Le pasteur voit une urgence d’aider les gens dans l’immédiat. «Je comprends que la Ville peut dire que nos gens sont bénévoles et n’ont pas la formation adéquate, mais les personnes ont besoin d’une place à dormir au chaud», a indiqué M. Monette.

«Ce n’est pas en laissant les pauvres dehors qu’on va changer la réputation du quartier», a-t-il ajouté.

Films, beignes et café

Les bénévoles accueillent les personnes itinérantes avec café, beignes et des films sont projetés toute la nuit. L’église a ouvert ses portes à trois personnes, lors de sa toute première nuit, le 8 janvier. À même son propre financement, elle espère ouvrir chaque nuit où le thermomètre indiquera minimalement -18 degrés Celsius.

Il dit travailler en coopération avec la halte-chaleur de SOS itinérance, qui accueille chaque nuit depuis le 4 janvier une dizaine de personnes par temps doux, alors que le nombre augmente à une vingtaine à partir de -15 degrés Celsius ressentis.

L’église veut également accueillir les hommes du refuge du Cap Saint-Barnabé, fermé la fin de semaine et où on retrouve une dizaine de lits.

«Il y a vraiment un besoin dans le quartier», a affirmé Michel Monette, qui travaille avec une clientèle vulnérable dans Hochelaga depuis 13 ans.

Cette année, Montréal jugeait qu’il n’y avait pas de besoins pour une halte-chaleur dans Hochelaga-Maisonneuve. La Ville a plutôt décidé d’investir dans l’augmentation du nombre de lits en refuges. L’hiver dernier, en 23 nuits de grands froids, 67 personnes avaient fréquenté la halte-chaleur de L’Anonyme, en comparaison à 731 dans le centre-ville.

Pleine capacité

La halte-chaleur de la Mission St-Michael dans le centre-ville a accueilli, lors des deux nuits froides du week-end, entre 35 et 45 personnes, alors que la limite est 40. «Mes employés et moi, on est assez flexibles et on ne laisse pas personne à l’extérieur», a dit Georges Green, directeur général.

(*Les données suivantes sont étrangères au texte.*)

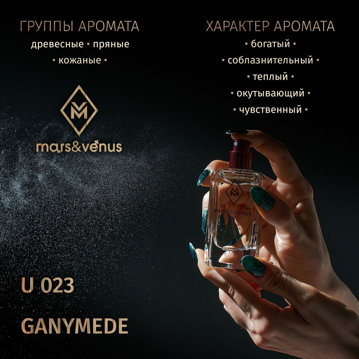 Уникальная композиция парфюмерной воды Mars-Venus U 023 Ganymede поражает своей непохожестью и непривычностью звучания, она относится к древесно-кожаным ароматам, которые одинаково хорошо звучат как на женской, так и на мужской коже. Очень тонкий, неоднозначный и многогранный аромат с противоречивым характером. Ольфакторная пирамида состоит, казалось бы, из привычных компонентов, но их сочетание настолько современно интересное, что для многих этот парфюм совершенно не раскладывается на ноты. В нём слышны замшевые акценты с фруктово-кожаными нюансами османтуса и пудровостью фиалки, а древесные, объёмные ноты бессмертника и акигалавуда добавляют ненавязчивой современности.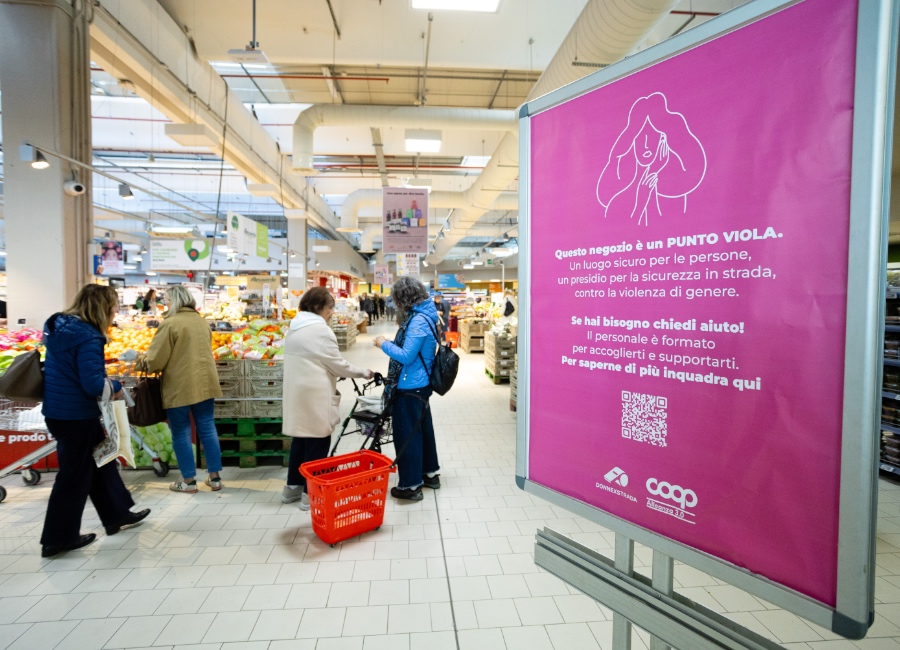 Bologna – Coop Alleanza 3.0 trasforma 39 dei suoi negozi in ‘Punti Viola’, entrando nella rete nazionale di spazi sicuri in partnership con l’Associazione DonnexStrada. I punti vendita, dislocati tra Friuli Venezia Giulia, Lombardia, Emilia-Romagna, Marche, Abruzzo e Puglia, offrono accoglienza e supporto a chi si trova in situazione di pericolo.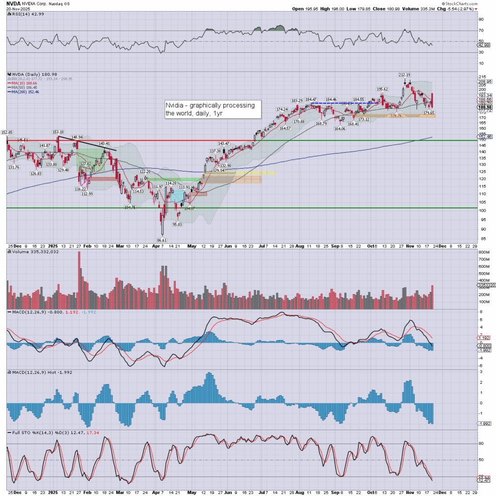 Nvidia saw an early high of $196.00, but swung powerfully lower, settling -3.0% to $180.98. Today’s candle is bearish engulfing, and I’d note the 200dma in the $152s.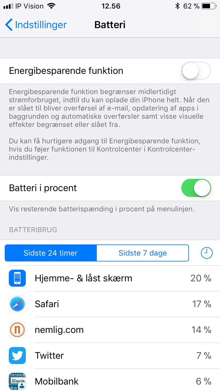 Her har du mulighed for at slå den energisparende funktion til, hvis du er nervøs for, om din iPhones batteri holder dagen ud.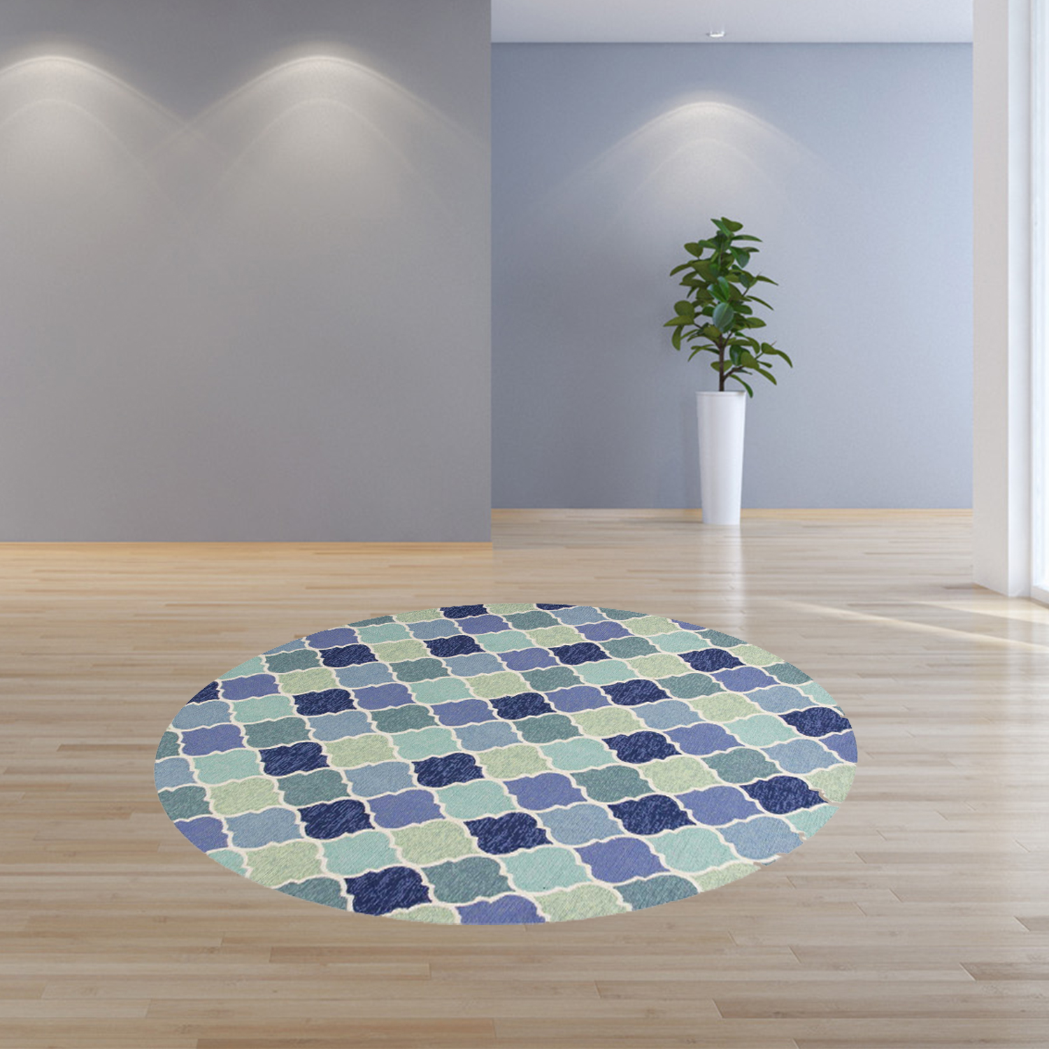 7′ Round UV treated Polypropylene Blue Area Rug

À la Maison du Père et la Mission Bon Accueil, plus du trois quarts des lits étaient occupés. Quant à la Mission, Old Brewery, le refuge n’était pas à sa pleine capacité, autant au pavillon pour hommes que pour femmes.

Entre le 6 décembre et le 9 janvier, le taux d’occupation dans les refuges pour hommes a été de 89 %, selon le CIUSS du Centre-Sud-de-l'Île-de-Montréal. Quant à ceux pour femmes, ils en avaient un de 71%, jusqu’au 4 janvier.